[HowTo] Running Adguard Home on OpenWrt

Dumb question; doesn't adblock do the same as adguard?

Not dumb, yes, it does. However, adguard has some pretty cool features.

Yes, per Adguard it is much more complete and beautiful.

Maybe I should give it a go :slight_smile: Running divested build and dnscrypt-proxy 2 and adblock at the moment.

I am kind of struggling with this, it's confusing what to change where, where to use configs and where to use the interface. Here is what I am trying to do. I have a WRT1900ACS, with Draytek vigor 300 as my modem, worked ootb when flashing openWRT, didn't have to change WAN settings. I want to have: Adguard Home and Unbound, but dnsmasq confuses me, I get double queries with what I have for now, using luci-app-adguard and manually installed AdGuard Home to /etc/AdguardHome. Installed unbound and I think it's working, I set upstream to 127.0.0.1:5335 in AdGuardHome and bootstrap DNS servers to 127.0.0.1. It appears to be working, DNS queries are really long to start with, which is consistent with my experience with AGH + unbound on my raspberry pi. I want to use AGH as my DHCP so that I can see clients and not just 192.168.1.1 in queries, this was required on my RPI to see IPs, but on here somehow IPs are detected without AGH being the DHCP server. I am very confused on how to set this all up.

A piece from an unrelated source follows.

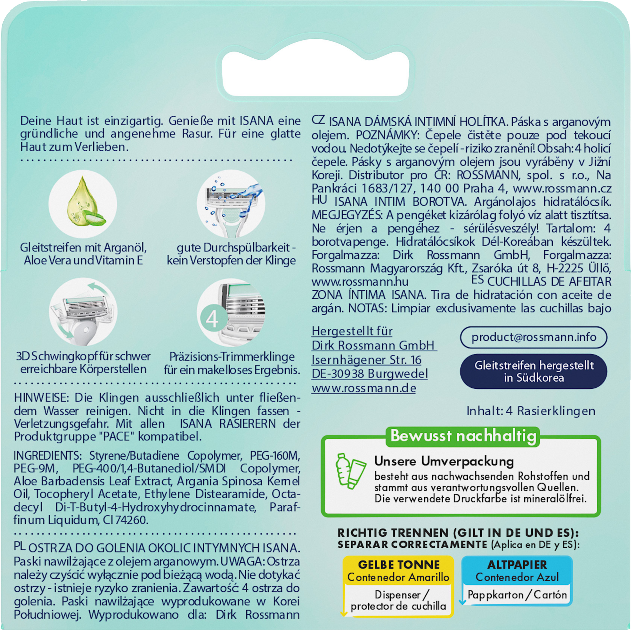 Die Klingen ausschließlich unter fließendem Wasser reinigen. Nicht in die Klingen fassen - Verletzungsgefahr. Mit allen ISANA Rasieren der Produktgruppe "Pace" kompatibel.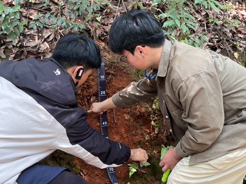 随后我们在沿路观察到了成片的裸露土壤剖面,便开展分层采集土壤剖面的活动。天童山主要以山地黄红壤为主,是红壤到黄壤的过渡类型。黄红壤主要成土过程是淋溶作用和脱硅富铝铁化作用,其典型的土壤结构是A(腐殖质层)-BC(过渡层)-C(母质层)。在高梅香老师的讲解与演示下,我们充分了解了此处黄红壤剖面的基本特征,并使用土壤剖面尺做整体剖面测量,用参考比例尺等工具观察观察微形态(如蚂蚁巢穴),最后自下而上完成土壤剖面样本分层采集并做相关记录。

Here are the double queries as I have shown earlier, instead of just happening with my PC IP like I had on the RPi in the past, I get a query on the PC IP AND also the router IP. Sometimes only the router IP shows up.

Edit: Perhaps I should skip unbound, now that I think about it, AGH supports all the security goodies, maybe I am overcomplicating things, I would still like to solve the dual query thing and probably use AGH as my DHCP server, but not sure how to work with dnsmasq, the existence of both web ui AND file config makes this more complicated in my mind.

2021-07-04T23:00:00Z

Right. Having done a clean install of OpenWrt 21.02.0-rc3. I've knocked up a script to make it a one click (well an SSH and chmod) install. (This is NOT the bleeding edge AdGuard. This is the current opkg install via OpenWRT. AdGuard Home, version 0.104.3, channel release, arch linux mips)

installadguard.sh

#!/bin/sh
# Switch to Adguard setup

opkg install adguardhome ca-certificates ca-bundle 

uci set dhcp.@dnsmasq[0].cachesize='1000'
uci set dhcp.@dnsmasq[0].noresolv='1'
uci set dhcp.@dnsmasq[0].server='192.168.1.1'
uci set dhcp.@dnsmasq[0].port='5353'
uci add_list dhcp.lan.dhcp_option='6,192.168.1.1' 
uci add_list dhcp.lan.dhcp_option='3,192.168.1.1' 
uci set dhcp.lan.leasetime='24h' 
uci set network.wan.peerdns='0' 

uci commit dhcp
uci commit network
# Save changes

# Restart network + dnsmasq service to reflect changes
/etc/init.d/network restart
/etc/init.d/dnsmasq restart

echo 'Goto http://192.168.1.1:3000 and install AdGuard.'

Couple of notes about this.
This moves dnsmasq from port 53 to 5353 (so it is there in background if you want to do forwarding or to run as a backup)
This also uses DHCP options to set router and DNS settings (option 3 and 6), If you are NOT using 192.168.1.1 you probably should change those lines :slight_smile:
It also changes DHCP leases to 24hrs, and sets to IGNORE your upstream ISP DNS (because you want to use AdGuards DNS right?)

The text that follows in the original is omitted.